KOSICE, Slovakia (Reuters) – U.S. first lady Jill Biden met with Ukrainian refugees in eastern Slovakia on Sunday, the last day of her tour of Romania and Slovakia to visit U.S. servicemen deployed there and women and children who fled Russia’s invasion of Ukraine.
Biden spoke to refugee families, volunteers and local authority workers at a refugee centre in the eastern Slovak city of Kosice, one of the main transit points for over 400,000 Ukrainian refugees who have crossed the border to Slovakia since the Russian invasion started on Feb. 24.
The United Nations says 5.8 million people in total have fled Ukraine since Russia started what it casts as “special military operation” in Ukraine.
“When the war started we understood that nowhere in Ukraine is safe,” Viktoria Kutocha, a teacher who fled from the western Ukrainian city of Uzhhorod with her 7-year old daughter, told Biden.
Biden, the wife of U.S. President Joe Biden, asked Kutocha how she explained the war to children.
“It’s very difficult to explain.

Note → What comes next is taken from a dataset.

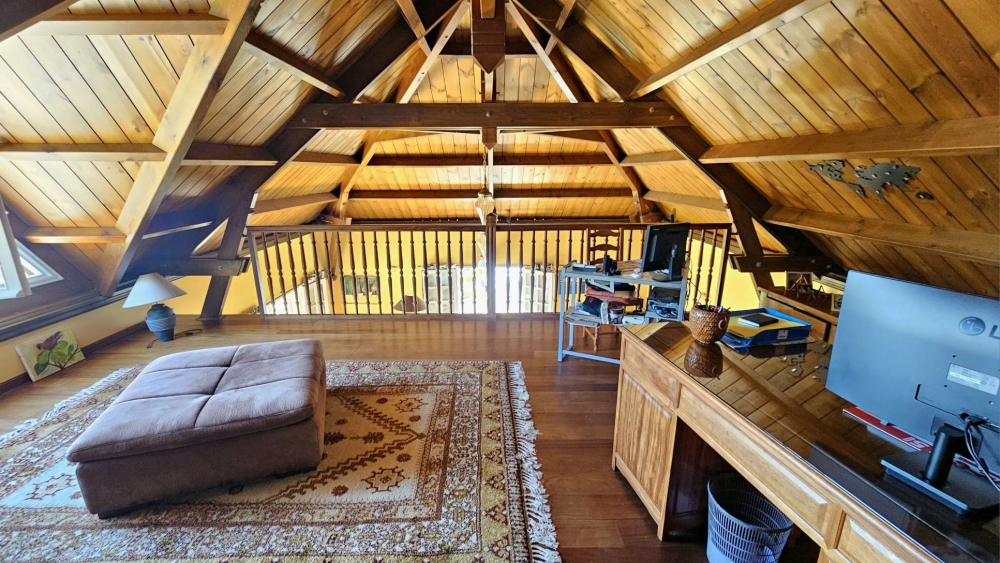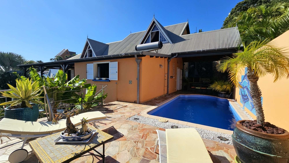 Bellepierre - Villa d'exception avec vue mer et montagne à 5 minutes du CHU Félix Guyon, dans un lotissement privé très recherché. Au c?ur de l'un des quartiers les plus recherchés de Saint-Denis, cette villa de caractère à l'architecture raffinée, d'environ 210 m² habitables se déploie sur un terrain clos et paysager de 815 m², à l'abri des regards, dans un environnement paisible et privilégié. Dès l'entrée, le charme opère : cette maison s'annonce différente des autres... L'originalité commence par l'accès, sur ce premier niveau, à la 1ere suite avec salle d'eau et WC, ainsi que de beaux volumes, d'aucun vis-à-vis et d'une très belle charpente bois. On descend quelques marche et on accède alors à une élégante mezzanine aménagée en bureau, dominant le séjour. Nous prenons maintenant le très bel escalier fait sur mesure par des artisans bénéficiant d'un savoir faire exceptionnel, Les compagnons du Devoir et du Tour de France afin d'accéder au niveau principal de la maison. On y retrouve le vaste séjour / salle à manger qui se prolonge par une grande varangue de plus de 30 m² offrant une vue imprenable sur la mer et la montagne. La cuisine, conçue avec des matériaux de qualité, bénéficie d'un accès à la varangue d'un côté mais également à l'espace extérieur, idéal pour recevoir, avec piscine, table à manger et cuisine extérieure. Sur ce niveau, une 2e suite spacieuse avec salle d'eau et WC privatifs. Au niveau le plus bas de la maison, Une dernière suite totalement indépendante pour les invités, un grand garage où l'on peut recevoir ou garer jusqu'à 5 véhicules, une grande buanderie avec de nombreux rangements. Cet espace à été pensé à l'origine afin d'être, si besoin, transformé en logement totalement indépendant. La maison est également entouré d'un joli jardin aménagé qui vous réserve quelques surprises.... Plus de précisions sur cette belle villa : Un savoir-faire d'exception: La charpente ainsi que l'escalier sur mesure ont été réalisés par les Compagnons du Devoir et du Tour de France, réputés pour leur exigence et la qualité inégalée de leurs ouvrages. Chaque détail reflète un véritable travail d'artisanat haut de gamme. Prestations exclusives: Piscine monocoque Sunset au sel, chauffe-eau solaire, portail et porte de garage automatisés, toiture travaillée et finitions créoles? autant d'éléments qui confèrent à cette villa son caractère unique. Taxe foncière : 3 310.00 euros PRIX DE VENTE : 950 000 ? TTC* * (Honoraires de vente charge vendeur) Contact : Caroline JOLU xx-xx-xx-xx-xx ( si le numéro n'est pas visible ici merci de consulter l'annonce depuis notre site internet.) Fixe de l'agence : xx-xx-xx-xx-xx Mail : xxxxxxx@xxxxx Site : www.limmobilieredebourbon.com Les informations sur les risques auxquels ce bien est exposé sont disponibles sur le site Géorisques : https://www.georisques.gouv.fr/
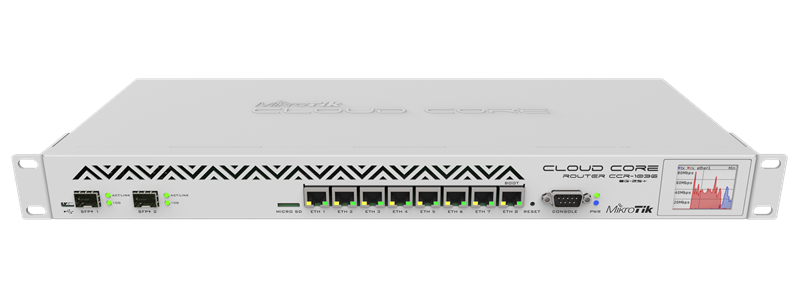 MikroTik Cloud Core Router 1036-8G-2S+ with Tilera Tile-Gx36 CPU (36-cores, 1.2Ghz per core), 4GB RAM, 2xSFP+ cage, 8xGbit LAN, RouterOS L6, 1U rackmount case, Dual PSU, LCD panel, r2 version

I only said there is a war and I cannot explain because I do not know myself,” Kutocha said.
“It’s senseless,” Biden responded, before embracing the mother and her child.
Biden, who teaches English and writing at a community college in Virginia, also visited a local school attended by refugee children.

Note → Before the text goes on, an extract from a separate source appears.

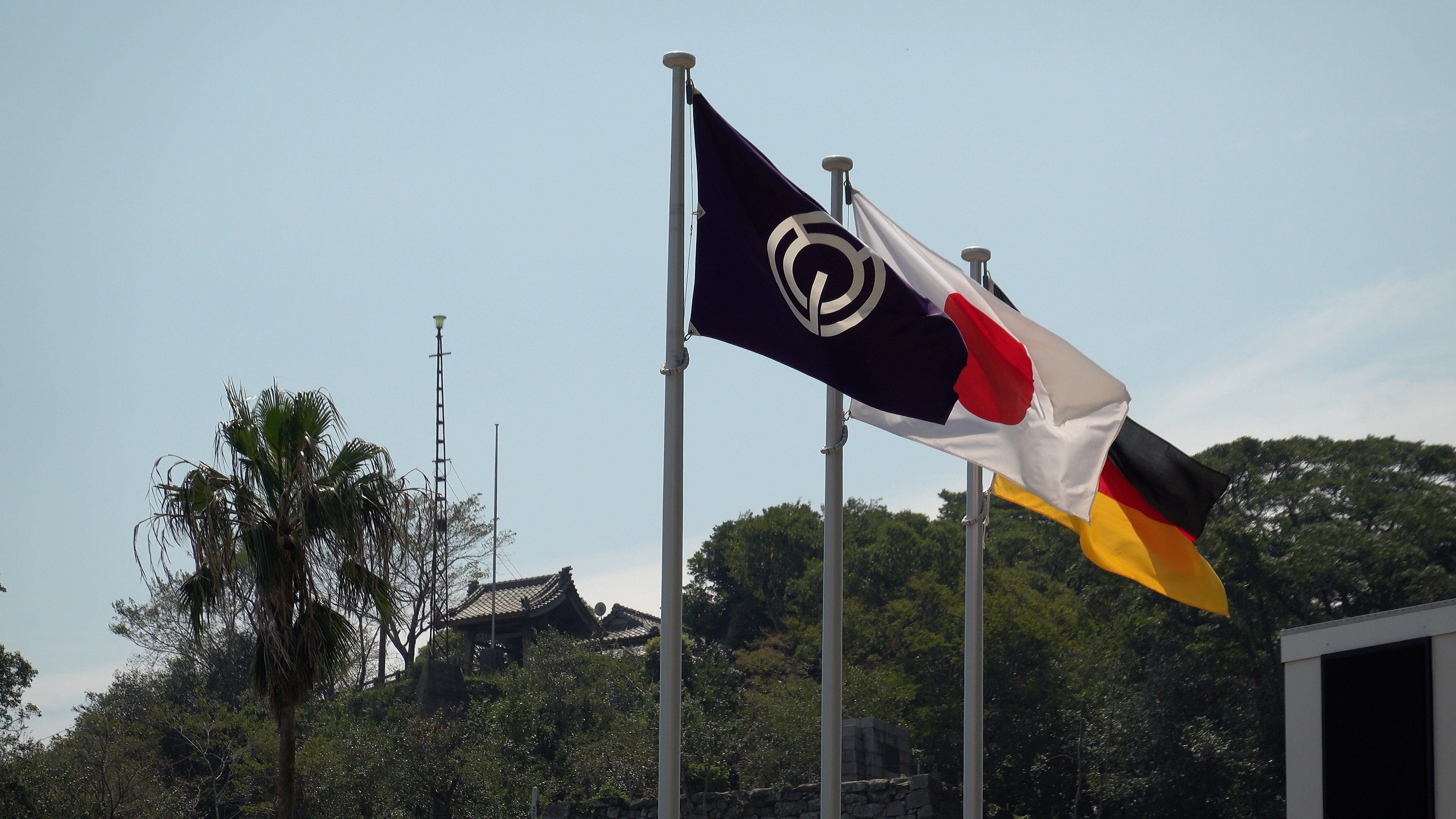 延岡市役所には国旗と市旗に加えて、ドイツの国旗が掲揚されています。
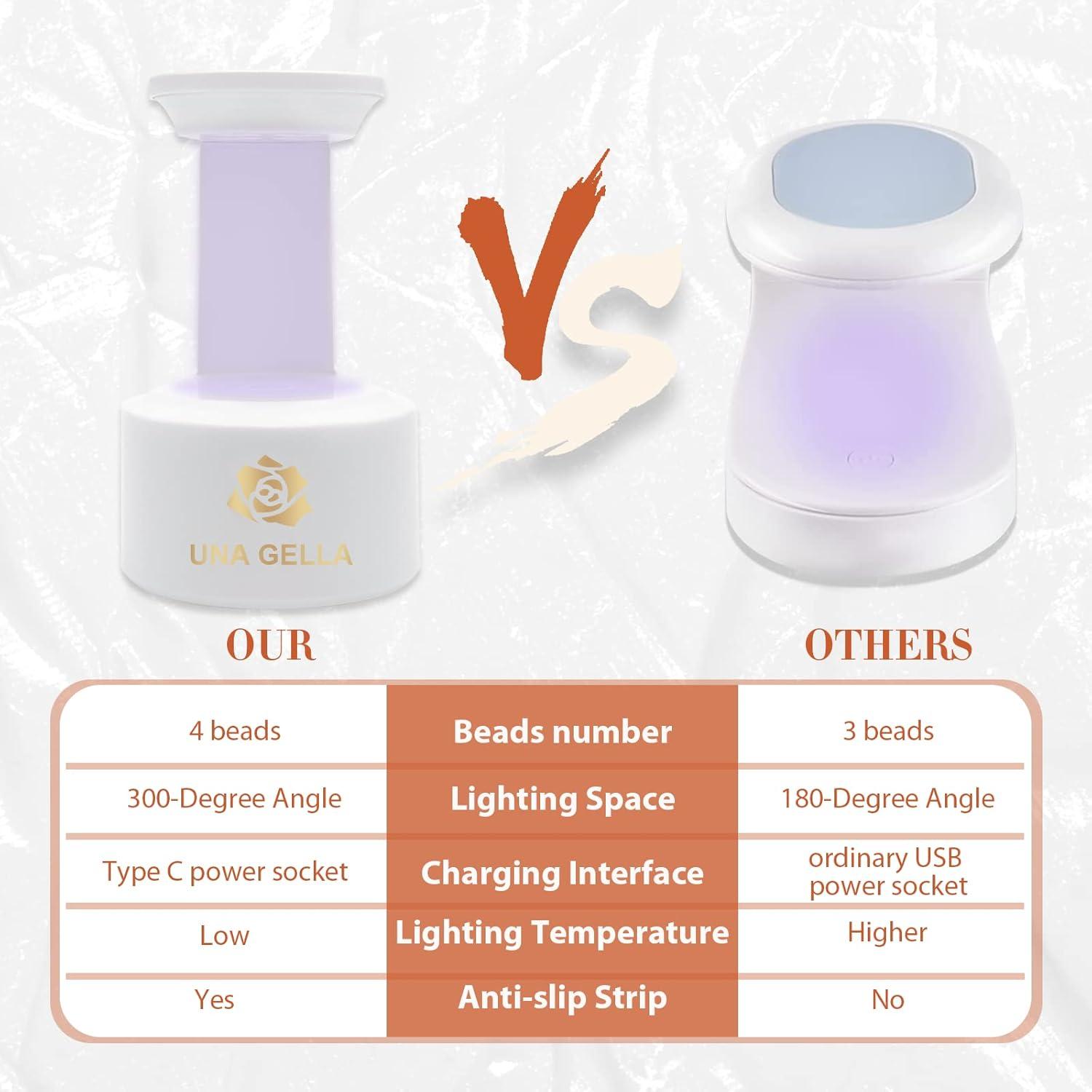 Universal Gel Compatibility: UNA GELLA Nail Lamp with 4Pcs dual light source beads, USB cable and touch switch, which has been specially designed for application of all types of nail art gel products in a mere 1 minute! No matter when or where enjoy the fun of perfect salon-quality gel nails DIY with UNA GELLA.

“The hearts of the American people are with the mothers of Ukraine,” she said, wishing the women at the school a happy Mother’s Day.
One woman there said she felt children needed to have the war explained to them.

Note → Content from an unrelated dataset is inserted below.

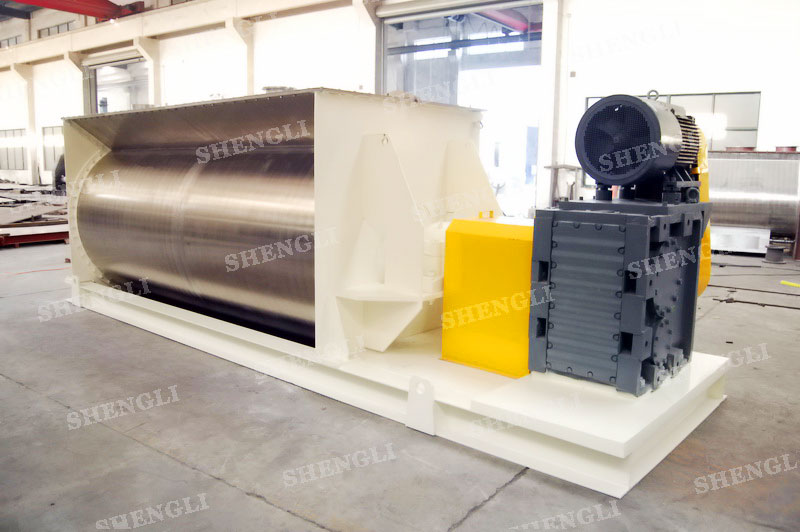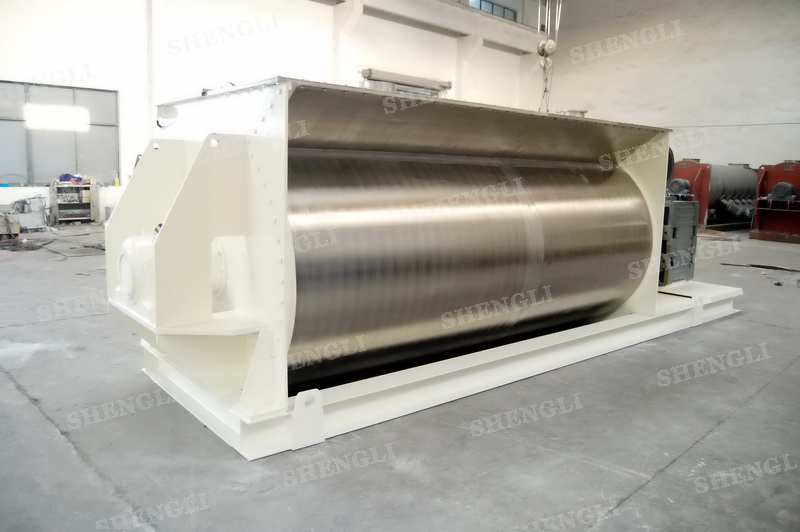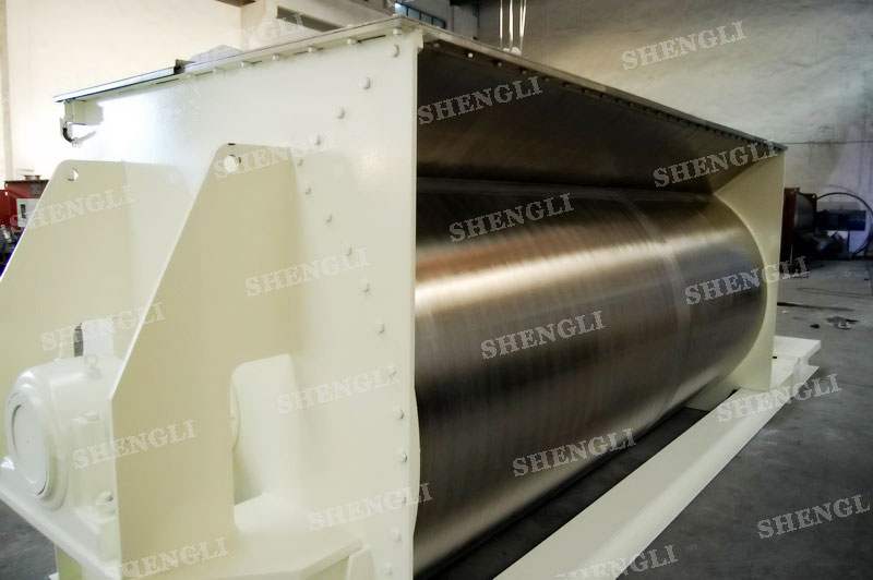 工作原理:臥式攪拌機采用U型筒體,內設平行主軸,主軸上安裝若干傾角式槳葉刀,不僅能快速高效的攪拌物料,且不會破壞物料,不會卡料。

“They need to understand why we are here and why we receive help – why are we separated from our husbands. They need to understand what is going on,” she said.
Biden was due to visit Vysne Nemecke, the main border crossing on Slovakia’s 98 km (61 miles) border with Ukraine later on Sunday.
Biden, who spent the first two of her four-day tour in Romania, departs from the region on Monday.
Most of the refugees who crossed into Slovakia have travelled onward to other countries, but over 74,000 have received temporary protection status in the country of 5.5 million.